## STORED DATA:

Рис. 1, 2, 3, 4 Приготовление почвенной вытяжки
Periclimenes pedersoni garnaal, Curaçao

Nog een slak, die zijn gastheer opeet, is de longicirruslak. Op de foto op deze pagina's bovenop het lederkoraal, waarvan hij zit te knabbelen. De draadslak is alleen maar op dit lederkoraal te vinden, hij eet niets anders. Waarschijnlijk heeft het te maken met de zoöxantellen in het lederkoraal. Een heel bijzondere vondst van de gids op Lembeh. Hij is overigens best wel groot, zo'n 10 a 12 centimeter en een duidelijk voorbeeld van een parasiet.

...

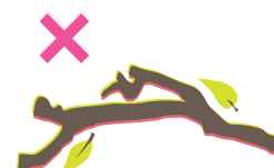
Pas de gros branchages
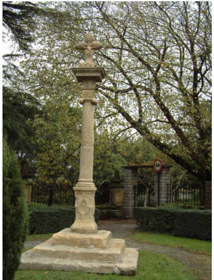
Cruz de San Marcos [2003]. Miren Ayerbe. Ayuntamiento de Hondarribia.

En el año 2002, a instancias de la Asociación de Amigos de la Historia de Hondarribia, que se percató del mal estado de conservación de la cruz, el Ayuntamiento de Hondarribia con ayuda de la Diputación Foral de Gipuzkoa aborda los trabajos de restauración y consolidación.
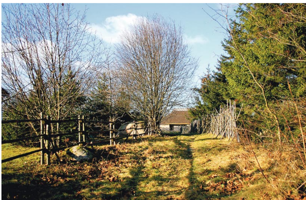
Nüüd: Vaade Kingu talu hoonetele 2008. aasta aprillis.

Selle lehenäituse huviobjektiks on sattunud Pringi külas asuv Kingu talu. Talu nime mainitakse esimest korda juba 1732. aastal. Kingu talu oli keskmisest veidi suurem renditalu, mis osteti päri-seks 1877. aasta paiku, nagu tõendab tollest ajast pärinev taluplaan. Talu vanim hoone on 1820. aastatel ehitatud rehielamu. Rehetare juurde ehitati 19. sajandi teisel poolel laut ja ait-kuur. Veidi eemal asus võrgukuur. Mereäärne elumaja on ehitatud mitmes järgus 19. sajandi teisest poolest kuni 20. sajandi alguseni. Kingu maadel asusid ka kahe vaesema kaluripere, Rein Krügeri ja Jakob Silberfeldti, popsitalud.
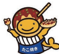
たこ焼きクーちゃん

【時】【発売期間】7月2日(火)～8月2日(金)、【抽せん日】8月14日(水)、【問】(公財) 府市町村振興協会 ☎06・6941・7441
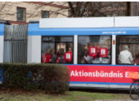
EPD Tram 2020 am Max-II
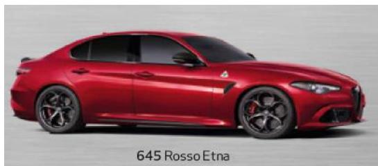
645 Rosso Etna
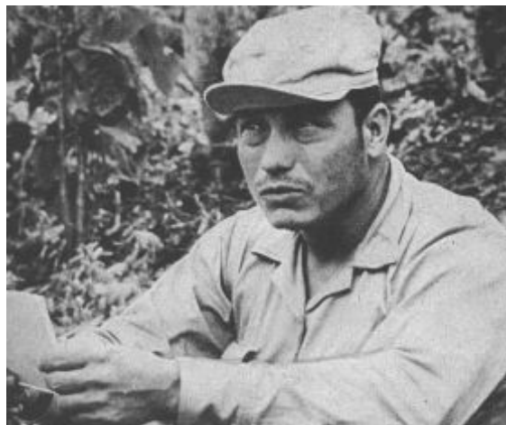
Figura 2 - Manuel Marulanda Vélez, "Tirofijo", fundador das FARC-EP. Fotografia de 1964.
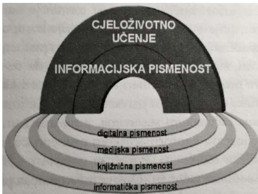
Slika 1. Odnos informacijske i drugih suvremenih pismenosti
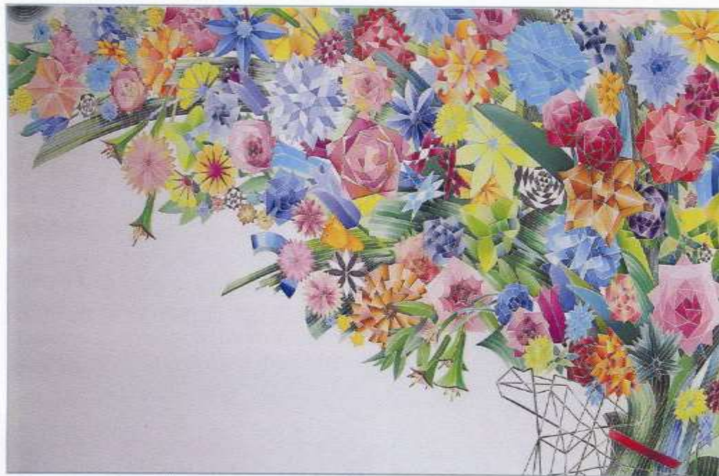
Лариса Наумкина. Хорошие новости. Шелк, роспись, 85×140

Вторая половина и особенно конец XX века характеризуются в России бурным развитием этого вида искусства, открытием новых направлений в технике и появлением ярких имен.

## PROBLEM TO WORK ON:
Find the lines that mention "Hondarribia" in the entries and show them.

## ANSWER TO THIS EXERCISE:
Cruz de San Marcos [2003]. Miren Ayerbe. Ayuntamiento de Hondarribia.
En el año 2002, a instancias de la Asociación de Amigos de la Historia de Hondarribia, que se percató del mal estado de conservación de la cruz, el Ayuntamiento de Hondarribia con ayuda de la Diputación Foral de Gipuzkoa aborda los trabajos de restauración y consolidación.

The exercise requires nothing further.